== COLLECTED DATA

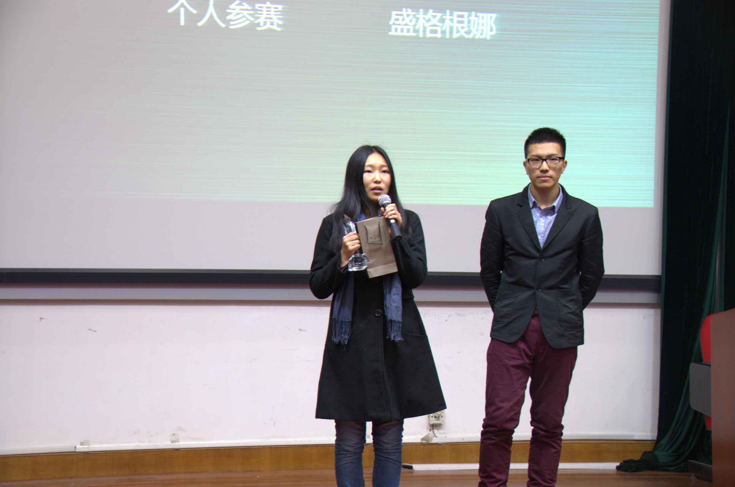 活动开始用一段以全球各大电影公司及电影节为素材的串联视频将全场引入电影世界,颁奖典礼在这种绚丽奇妙的氛围中拉开了帷幕。三位老师进行致词,对参赛同学给与了鼓励,同时表现出对大赛评选作品充满了期待与信心。经过前期组委会的评审,《青春game》《时光不老,我们不散》《One Day》《不落幕的青春》《成长的代价》等作品均成功入围。首先颁布最佳男女演员,最佳男演员获奖者是来自会计1301《不落幕的青春》的徐缘,最佳女演员获奖者是来自个人参赛《时光不老,我们不散》的盛格根娜,在其后最佳导演中盛格根娜再次获奖,最佳后期是来自经济1301蔡玉娇凭借《青春game》夺得。前四项个人大奖颁布完毕后,十大复赛入围歌手黄文婷为大家演唱了王若琳的《i love you》,赢得现场一片掌声。在这短暂歇息后,活动马不停蹄的开始了人气奖与最佳微电影奖项的公布。根据网络投票结果,管科1301《我的青春有你相伴》摘得此最佳人气桂冠;而后根据评委评鉴,《时光不老,我们不散》《One Day》《青春game》三部作品入围最佳微电影提名,三部影片在现场放送后,现场的观影者们化身大众评委与老师们一同参与最佳微电影奖的投票打分,根据最后投票分数,最终确定《青春GAME》获得本届最佳微电影殊荣。
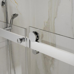 Para plato de ducha rectangular. Ancho: 137 a 140cm. Vidrio templado de 6mm. Acabado del cristal: Serigrafiado Una puerta de corredera. Con cierre magnético en la puertas para evitar la salida del agua. Con rodamientos dobles superiores para facilitar la apertura de la mampara.
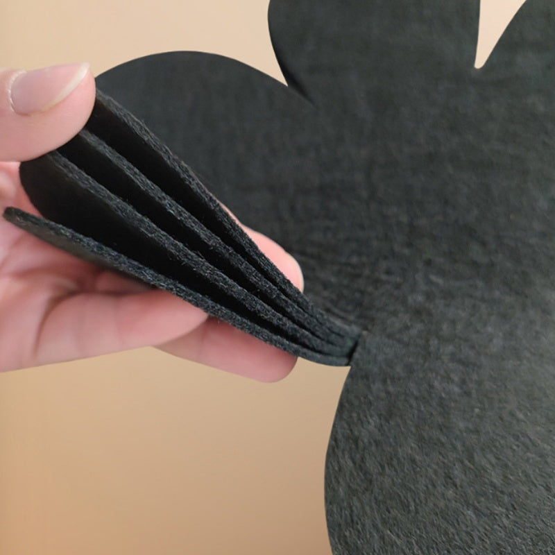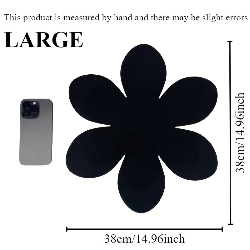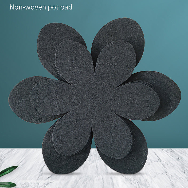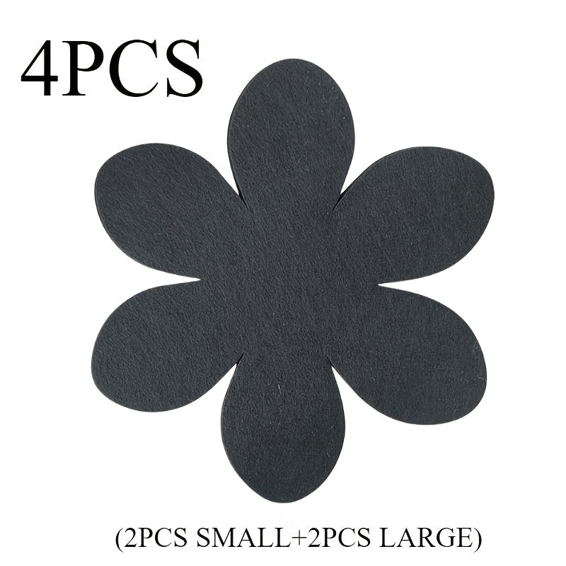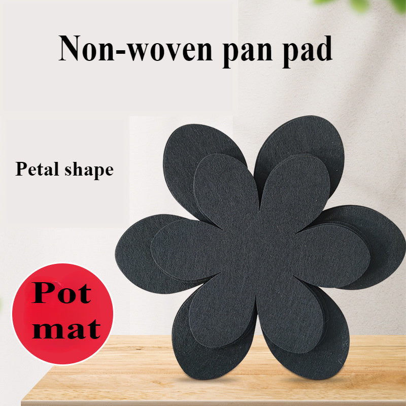 Набор из 4 черных подушечек в форме лепестков, изготовленных из нетканого, антипригарного материала. Эти подушечки не скользят, защищают от ожогов и обеспечивают теплоизоляцию. Их легко чистить, и они сделаны из многослойной войлочной ткани.

====

**REQUIREMENT**. Every line from the one with "Para plato de" through the end of the material above should be restated word for word, with the pictures left out.

**COMPLETED EXERCISE**.
 Para plato de ducha rectangular. Ancho: 137 a 140cm. Vidrio templado de 6mm. Acabado del cristal: Serigrafiado Una puerta de corredera. Con cierre magnético en la puertas para evitar la salida del agua. Con rodamientos dobles superiores para facilitar la apertura de la mampara.
 Набор из 4 черных подушечек в форме лепестков, изготовленных из нетканого, антипригарного материала. Эти подушечки не скользят, защищают от ожогов и обеспечивают теплоизоляцию. Их легко чистить, и они сделаны из многослойной войлочной ткани.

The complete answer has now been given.